### 1. Business Understanding

In the world of football, data is becoming increasingly important. It plays a significant role in the business side of the sport, helping clubs understand players' strengths and weaknesses. Data not only provides insights into performance but also helps evaluate positional suitability. Over the course of a player's career, they may play multiple positions, raising the question: Why does this happen?

Haven’t they become good footballers because they excelled in their original scouted positions? Not always. This is where data comes in—it helps identify which role best suits a player, eliminating unnecessary position changes. By focusing on their natural strengths, players can refine their skills to perfection, benefiting both the club and themselves. This targeted development allows them to maximize their potential in the position that aligns with their traits.

The metrics used for analysis include:

- Shooting power
- Positioning
- Defending
- Standing tackle
- Sliding tackle
- Short passes
- Long passes

These are just some of the metrics that help determine a player's profile. Using these data points, we can assess whether a player is more suited to a defensive or attacking role, allowing them to tailor their development accordingly.

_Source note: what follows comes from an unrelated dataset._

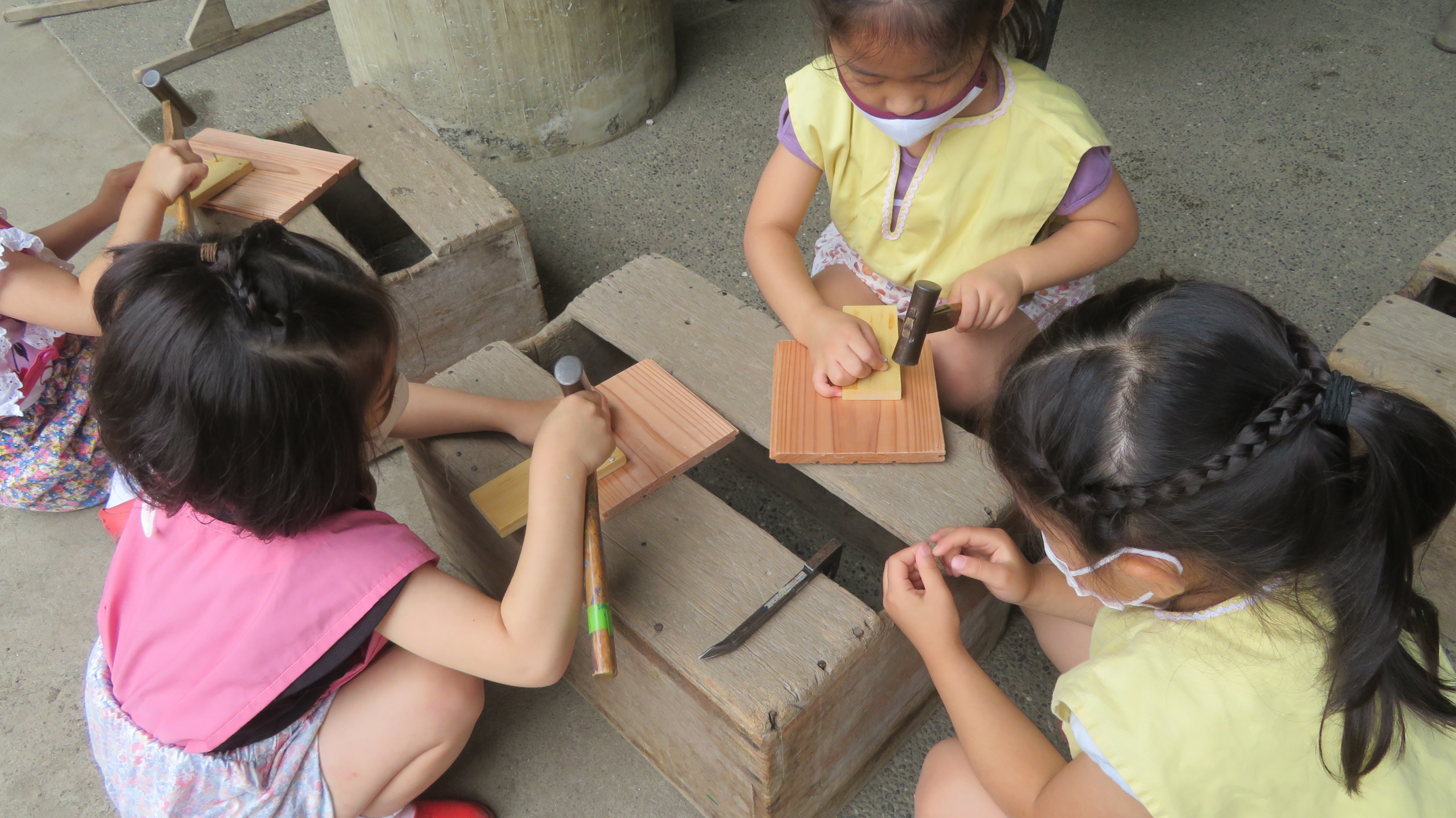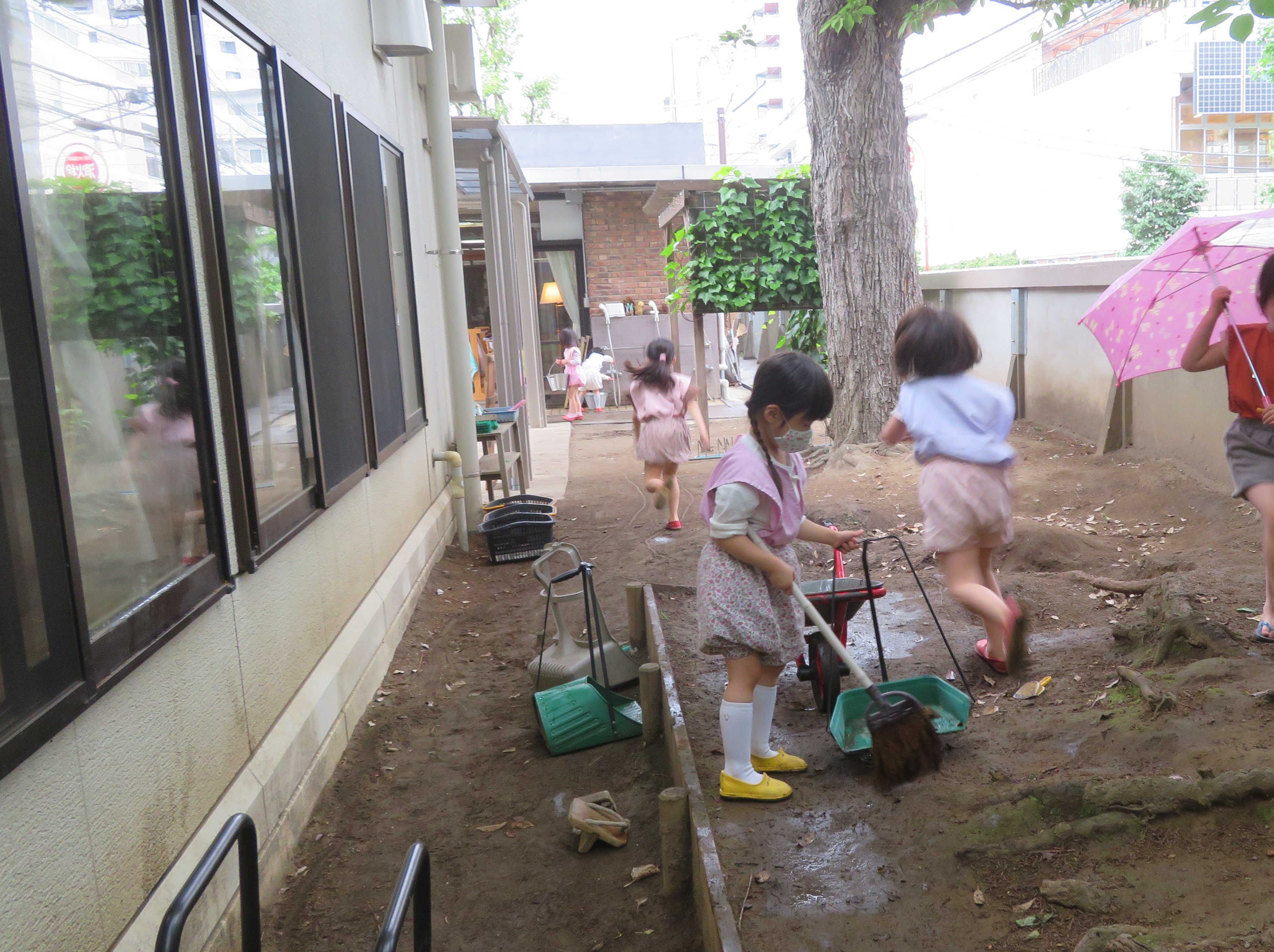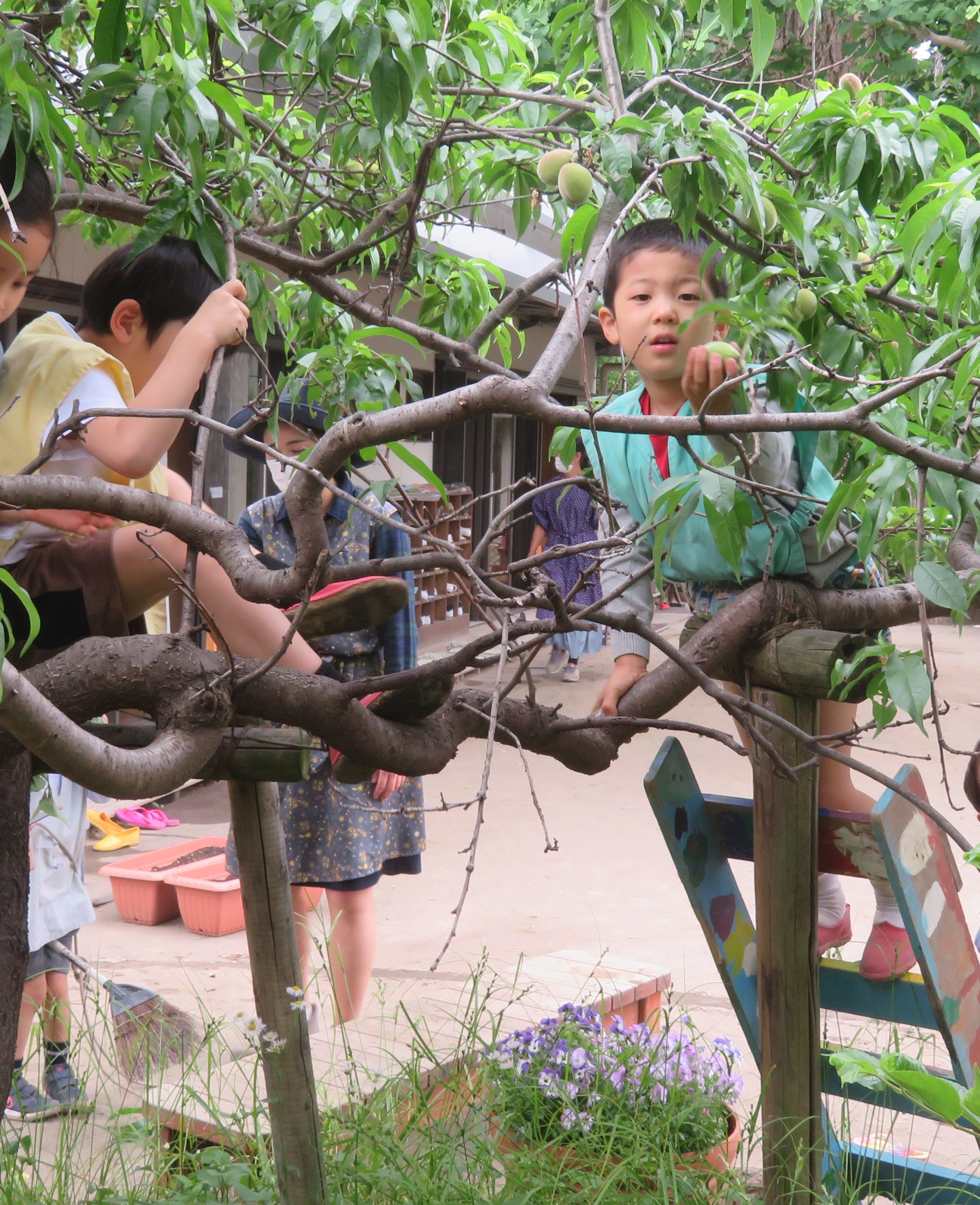 東洋英和幼稚園だより 年中組・年長組の子どもたち その1 5月に植えたトマトの苗、元気に育ちますように… 年中組も大工で何か作り始めました。 にんじんの種から芽が出てきました。作っていたのは看板だったのですね。 一枝にたくさん実った桃を摘果しました。届かないところは木に登って手を伸ばします。 「ねぇ、ここになにかいるよ」虫探しに夢中です。 静かな場所にはひっそりと住んでいる子どもたち。せっせと掃除をしています。 砂場にできた大きな川にはしごをかけて… 前へ 一覧へ戻る 次へ

Although we are using a dataset from the game FIFA, it’s important to note that this data may not perfectly reflect reality. However, FIFA employs data analysis to generate player stats, and these can be used to simulate how real-world players might be evaluated in a similar system. Keepers will be excluded from the dataset due to the entirely different set of metrics required for their analysis compared to outfield players.

### 2. Data Understanding

The dataset was collected by football experts working for EAFC, the company behind the popular FIFA video game series. The data is publicly available on Kaggle, exported as a CSV file, and provides a comprehensive overview of football players across top-tier leagues, including some second and third divisions.
 
The dataset is designed to reflect real-world player attributes, which are used in-game to simulate player performance. These attributes are meticulously evaluated by EAFC’s team of analysts, ensuring a high degree of accuracy and relevance for football analytics.
 
### Data Discription ###
 
The dataset contains 51 attributes for each player, covering:
 
- Player Identification & Metadata
name, full_name: Player’s name and full name.
birth_date, age: Birthdate and current age.
height_cm, weight_kgs: Physical attributes.
nationality, positions: Player’s country and primary/secondary positions (e.g., CF, RW, ST).
 
- Performance & Skill Attributes
Attacking Skills:
crossing, finishing, dribbling, shot_power, long_shots, etc.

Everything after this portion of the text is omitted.